Category Archives: Email

Character encoding in mailcap for mutt and w3m

I use mutt on my FreeBSD system to read my mail. To read HTML mail I simply use a .mailcap file with an entry such as

text/html;      w3m -dump %s; nametemplate=%s.html; copiousoutput

This in effect dumps the HTML using w3m to a text file in order to safely display it. The problem that I had is that, because some emails that I receive are from a Japanese translators list, they are in Shift_JIS. When dumped w3m doesn’t properly detect the Shift_JIS encoding and as such the resulting output becomes garbled.

When I looked at the attachments in the mail with mutt’s ‘v’ command I saw that mutt at least knows the encoding of the attachment, so I figured that there should be a way of using this information with my mailcap. Turns out that there is indeed a way to do so, namely the charset variable. It turns out the mailcap format is a full RFC. RFC 1524 to be exact. Mutt furthermore uses the Content-Type headers to pull any specific settings into mailcap variables. So a Content-Type: text/html; charset=shift_jis means that %{charset} in the mailcap file will be expanded to shift_jis. We can use this with w3m’s -I flag to set a proper encoding prior to dumping.

text/html;      w3m -I %{charset} -dump %s; nametemplate=%s.html; copiousoutput

As such you can be relatively sure that the dumped text will be in the appropriate encoding. Of course it depends on a properly set Content-Type header, but if you cannot depend on that one you need to dig out the recovery tools already.

Email threading and breaking it

One thing that has been annoying me over the past years is that on mailinglists people with Outlook or Outlook Express clients tend to start a new thread by replying to an email in another thread. They remove the body, perhaps some cc: information, change the subject, write their body and send it off. Since Outlook supports completion for to: and cc: fields, it seems a bit of a timewaster to start a new topic like that.

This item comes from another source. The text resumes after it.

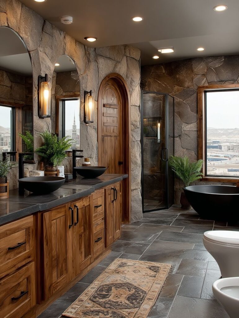 Inside the main bathroom, smooth stone tiles line the walls, and a deep soaking tub rests beneath a small window. Soft towels, gentle candlelight, and the faint sound of wind outside create a quiet, spa-like atmosphere.

But leaving all that aside, the worst part is that Outlook doesn’t show you all headers, in particular it leaves the References header intact, which means it is now a reply to an earlier post in another thread. And so threading is broken. You might think “why be annoyed over it”, well, the problem is that online mailinglist indexes use this information for proper navigating through a thread. Typically they provide a ‘next by thread’ and ‘previous by thread’ hyperlink to navigate, but the logical flow of the thread is now broken.

So whenever I see someone with Outlook do this, I send them a note about this in private and most often they adjust the way they work, since, like I stated earlier, starting a new message is actually even faster.

Lightning 0.8 released

For those of you using Thunderbird and want a calendaring option inside of Thunderbird to communicate properly with people using Outlook or Lotus Notes that send you invitations for meetings and the like: Mozilla’s Lightning is now at version 0.8. Lightning is an add-on for Thunderbird based on Sunbird.

If you then also use the Provider for Google Calendar you can synchronise your Google Calendar with your Lightning setup.